5 orang preman berwajah bengis memasuki ruangan lantai 3 dan berdiri di depan Ibu Christ.
“Hei, Bu Lili. Kenapa tempat kerjamu kumuh seperti ini?” tanya Ketua Preman itu.
“Tutup mulutmu, Brengsek!” jawab Ibu Christ ketus.
“Baiklah. Aku tak ingin berbasa-basi lagi denganmu. Berikan bukti itu padaku, lalu aku akan pergi dari sini. Dimana kau sembunyikan kartu memori itu?”
Ketua Preman berjalan mengitari ruangan mencari barang bukti yang diinginkan oleh orang yang telah menyewanya.
“Sampai kiamat pun kau tak akan pernah menemukan memori itu di tempat ini.” Lilli duduk di sofa dengan sewot.
Ketua preman itu terus mengelilingi ruangan dan melihat sepasang sepatu anak kecil yang ada di bawah meja.
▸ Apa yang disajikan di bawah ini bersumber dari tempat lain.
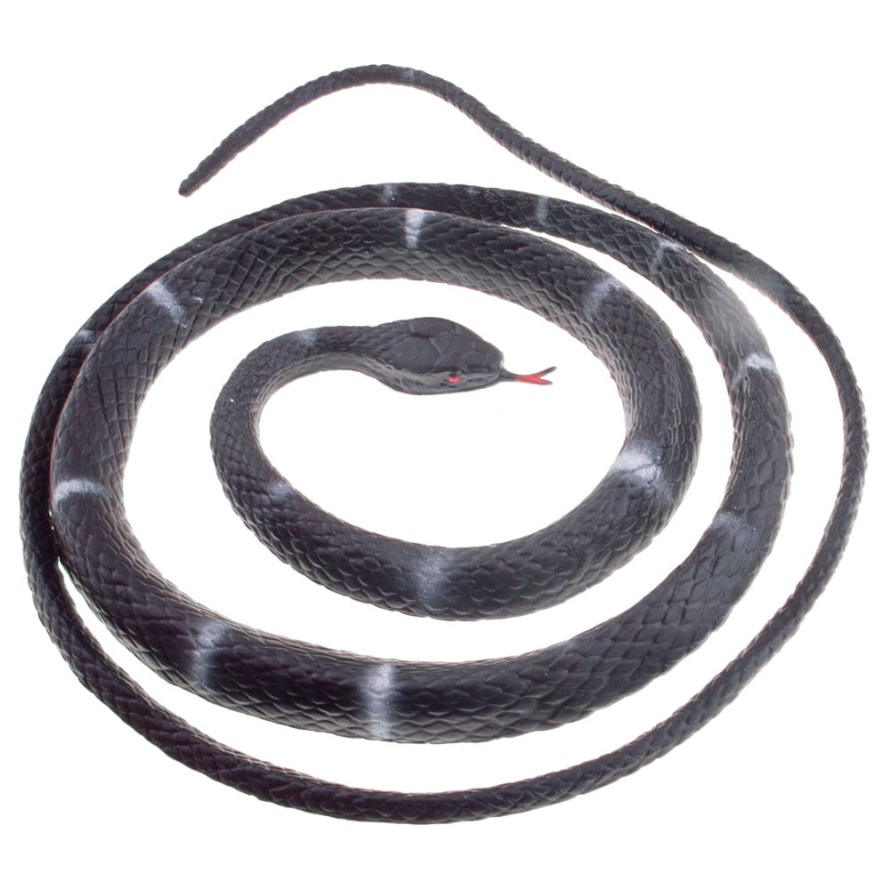 Svart Plastorm omfattar en svart plastorm med vita detaljer och röd utstickande tunga. Ormen är tillverkad av plast och är ca 95 cm lång.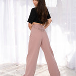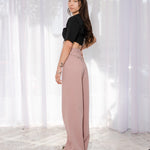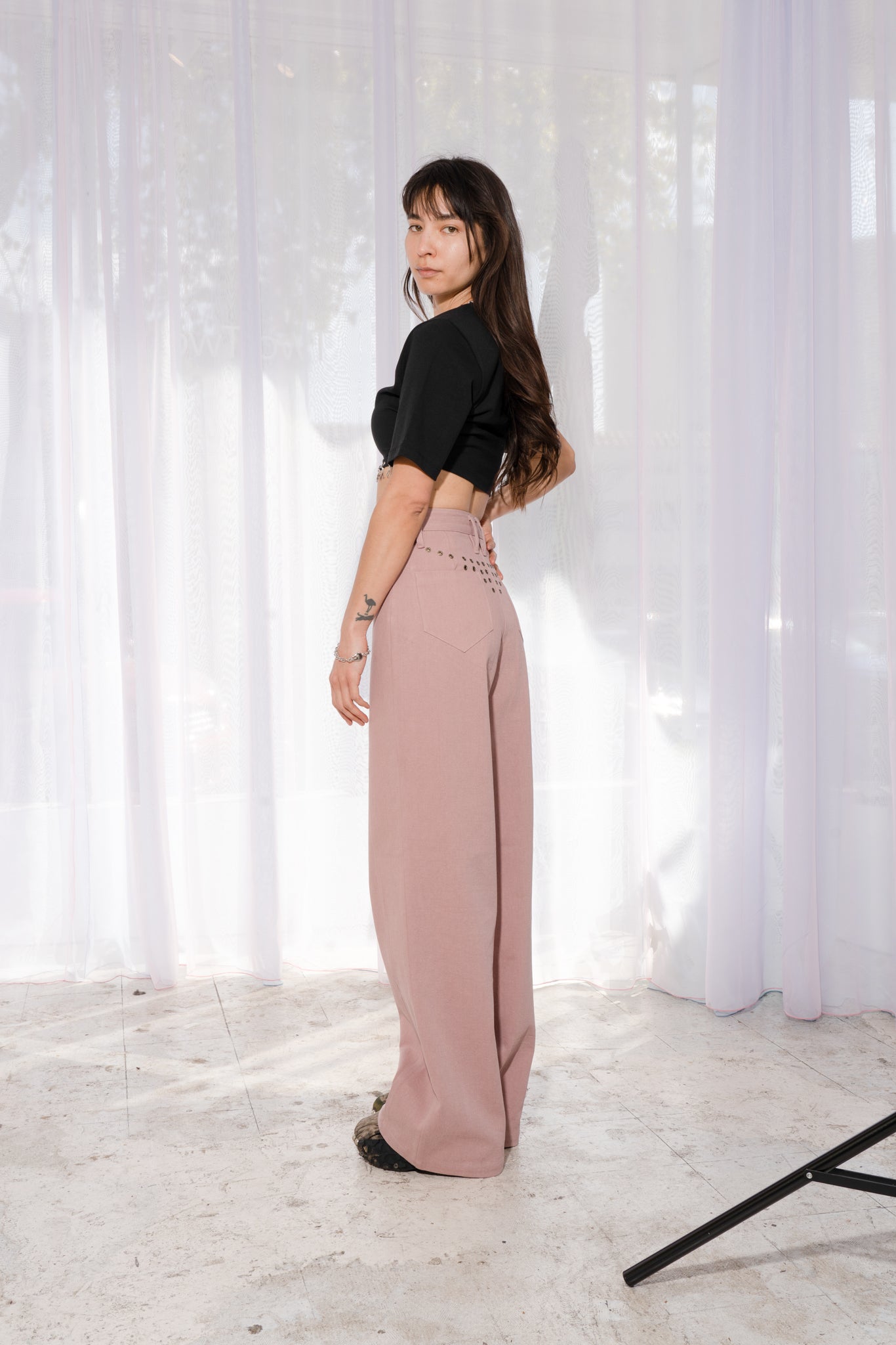 Cotton wide leg trouser pants with eyelet bikini detail in the back. 4 pockets.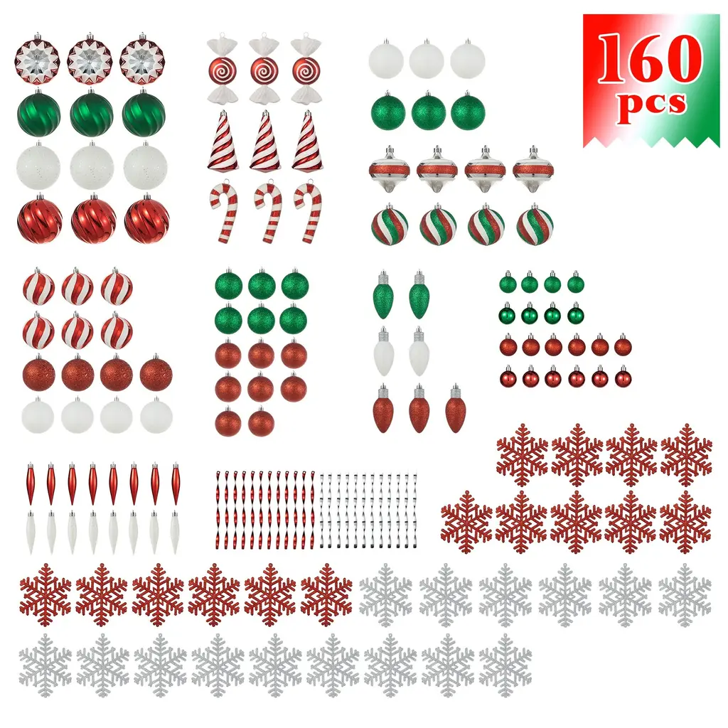 Enjoy the convenience of our set of 160ct shatterproof ornaments, featuring a variety of sizes and designs that effortlessly combine into one cohesive decoration set. Save time and energy by eliminating the need to select individual decorations, allowing you to quickly adorn your tree with ease.Features:Brand Profiles: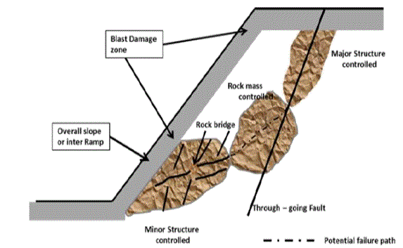 A influência potencial dos danos causados por detonacáo no colapso de taludes depende da escala do talude. Em minas a céu aberto, o colapso inter-rampa ou o colapso geral do talude pode ser influenciado pelos danos causados por detonacáo, seja danificando a rocha intacta (overbreak), estendendo descontinuidades pré-existentes ou reduzindo a resistência ao cisalhamento ao longo das descontinuidades (SHARMA, 2017).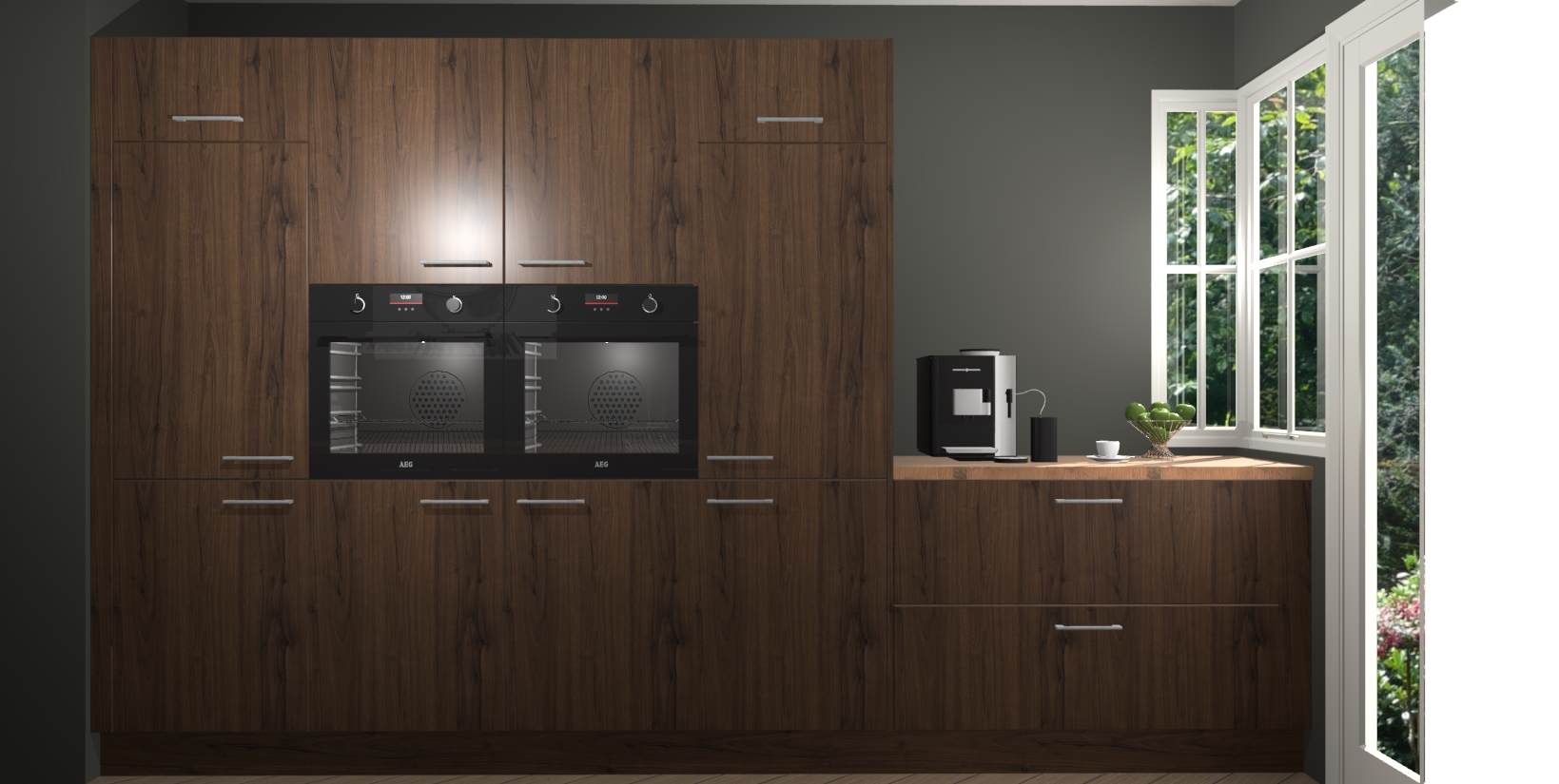 Een stijlvolle en praktische keuken als deze mag gezien worden. Dankzij de prachtige noten matte afwerking wordt de keuken gemakkelijk het middelpunt van uw huis - hij ziet er geweldig uit onder allerlei lichtomstandigheden, van dag tot nacht!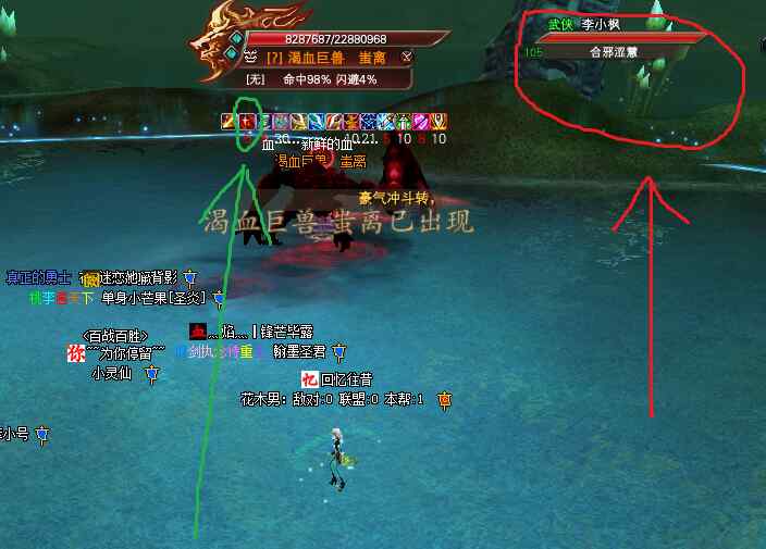 注意,這個(gè)怪,有夜影狀態(tài),所以8米外攻擊幾乎沒有傷害,如圖我紅圈標(biāo)示的深綠色圈圈。
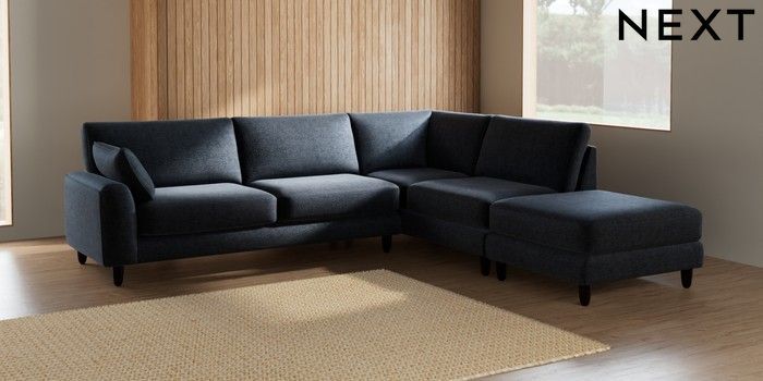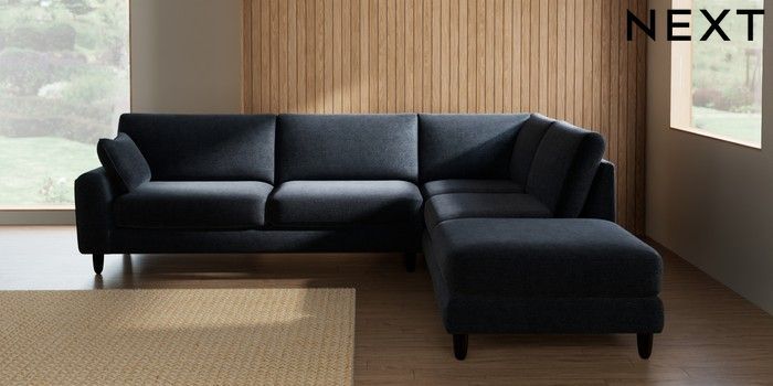 7.2.10 Campbell Large Open End Corner Chaise - Right Hand Boucle Chenille Dark Slate Blue High Leg - Dark | Made Click here to use our website with more accessibility support, for example screen readers

“Hmm, benarkah?” tanya Si Ketua Preman. Dia menyundul dan mentoel-toel lengan Lili seakan ingin melecehkannya.
“Singkirkan tanganmu, Bajingan! Sudah kubilang, aku tak membawa memori itu.”
“Ah, sial! Baiklah, kalau begitu.” Ketua preman itu duduk di depan Lili dan menatapnya. “Kurasa kau sedang tak sendirian disini.” Ketua preman menunjuk sepasang sepatu dibawah meja.
Dia tahu bahwa Lili tak sendirian di tempat kerjanya.
“Hei, Nak! Keluarlah! Aku tahu kau sedang bersembunyi. Keluarlah dari tempat persembunyianmu. Jika kau tak keluar, ibumu berada dalam bahaya.”
“Diam kau, Berandal! Dia tidak ada disini.” Lili ketakutan. Dia hanya berharap agar Christ tak keluar saat itu.